The decomposition of the calcium sulfile can also be carried out so that this is initially carried out at lower temperatures, e.g. B. 300 to 800 'C, dehydrated and then cleaved at the specified decomposition temperature. In this way it is possible to obtain a steam-free cracked gas which, if necessary, is only diluted with inert or reducing gases.

In addition to the advantage already mentioned, the process according to the invention offers the further advantage that the calcium sulfite obtained during absorption is contaminated with very small amounts of calcium sulfate in a very short residence time with the absorption liquid , even if the exhaust gas contains large amounts of oxygen. For example, when cleaning exhaust gases, which contain 5.25 percent by volume of oxygen and 0.2 percent by volume of sulfur dioxide, the oxidized fraction is less than VI / o of the total sulfur dioxide absorbed.

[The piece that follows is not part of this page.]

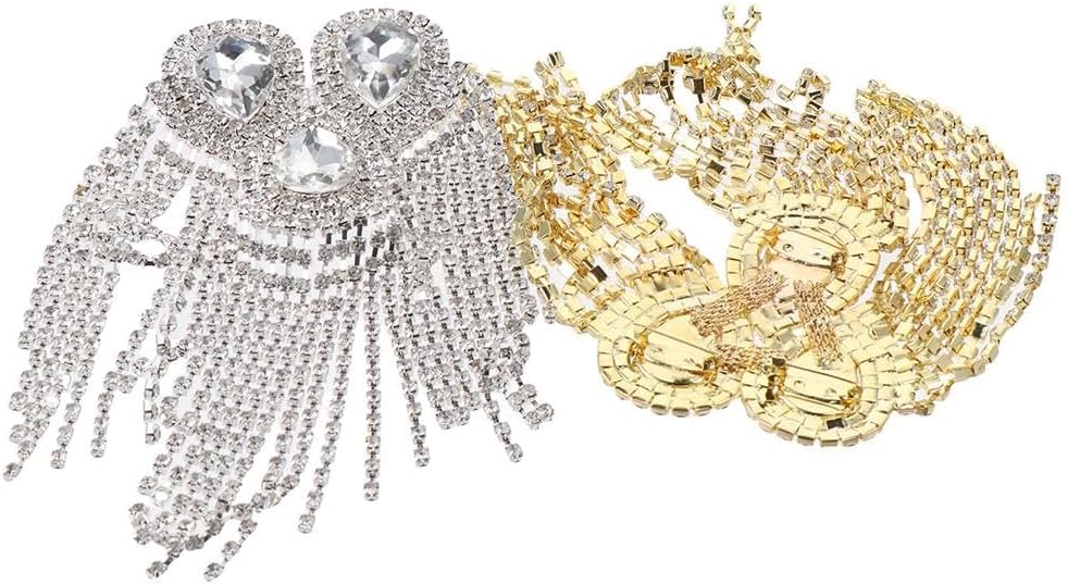 Packaging: Includes 2 pieces of crystal shoulder decoration, one of which is gold and one of which is silver
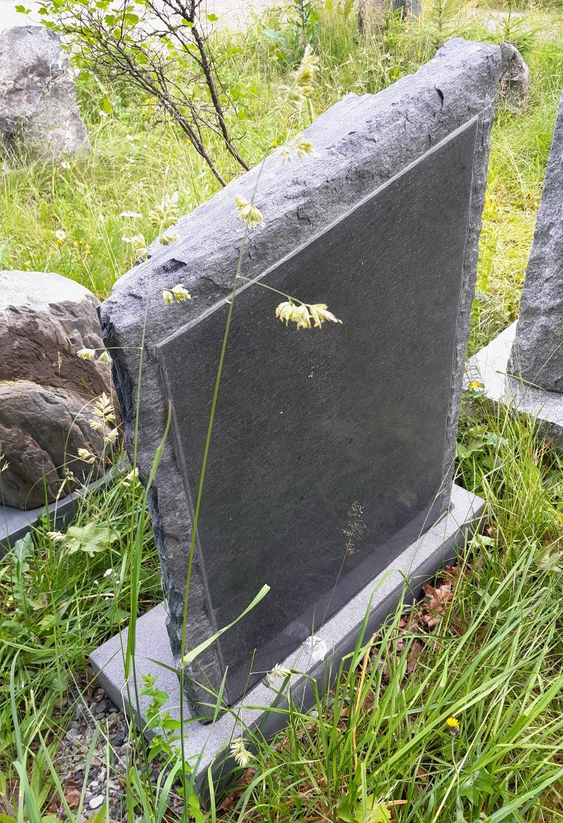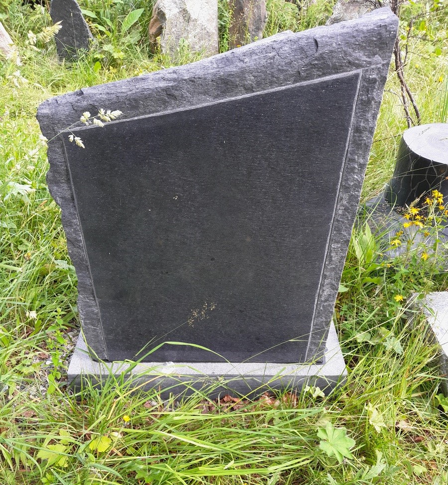 Liuskekivestä valmistettu hautakivi. Vasen laita ja päällinen lohkoreunaa, oikea reuna sahattu, pinta kiilloitettu.

EXAMPLE C 1450 parts by volume of an absorption liquid containing p C 18.9 percent by weight of sucrose and 5.7 percent by weight of calcium oxide are poured into a cylindrical absorption vessel. Five gas inlet tubes are immersed in the liquid. Through this 1257 parts by volume of gas, consisting of 9-4.5 percent by volume nitrogen, 5.25 percent by volume oxygen and 0.26 percent by volume sulfur dioxide, are introduced every hour. The residence time of the gas can be varied by the immersion depth of the inlet tubes. This is dimensioned so that the mean gas residence time # t 0.1. up to 0.2 seconds. The draining gas is checked for sulfur dioxide within a short period of time. -The pH value of the absorption liquid is measured by means of a glass electrode and the consumption of calcium oxide is thus controlled. As soon as the absorption liquid has reached a pH of 83 . the introduction of the gas is canceled. The N "eder impact is filtered off and washed -e-with so much water that the original amount and concentration of Absorptionslösun 'by Rüchführung of the filtrate into the Absorptionsgeffäß and replenishing the spent Calciumoxyds - \ vill err - is maybe. The precipitate is heated to a temperature of about 1050 ° C. in a rotary kiln. For better removal of water and sulfur dioxide, so much nitrogen is passed over that the average sulfur dioxide concentration of the exhausting gas is about 17 percent by volume. The decomposition is complete after about 2 hours. The Caleium Oxide retained during roasting can be returned to the process.

Claims (2)

Claims: 1. Procedure for removal of water and, if applicable, sulfur dioxide from exhaust gases through A! Suspension of Ci-, Ic.umoxid in polyoxy compounds or their watery solutions is used and, if necessary, the resulting C. leium sulfite is decomposed after its separation at temperatures from 1,000 to 1100 ° C in Sch ", -, field dioxide and calcium oxide and the latter decomposed again in the process. 2. Verl Ahren according to claim 1, characterized denotes overall. that the absorption is carried out at a temperature of from 0 to 100 ° C., in particular from 10 to 70 ° C. 3. Process according to Claims 1 and 2, characterized in that the absorption is carried out at p11 values above 8 . 4. The method according to claim 1, characterized in that the decomposition of the calcium sulfite is carried out in an inert atmosphere or in the presence of reducing agents. D.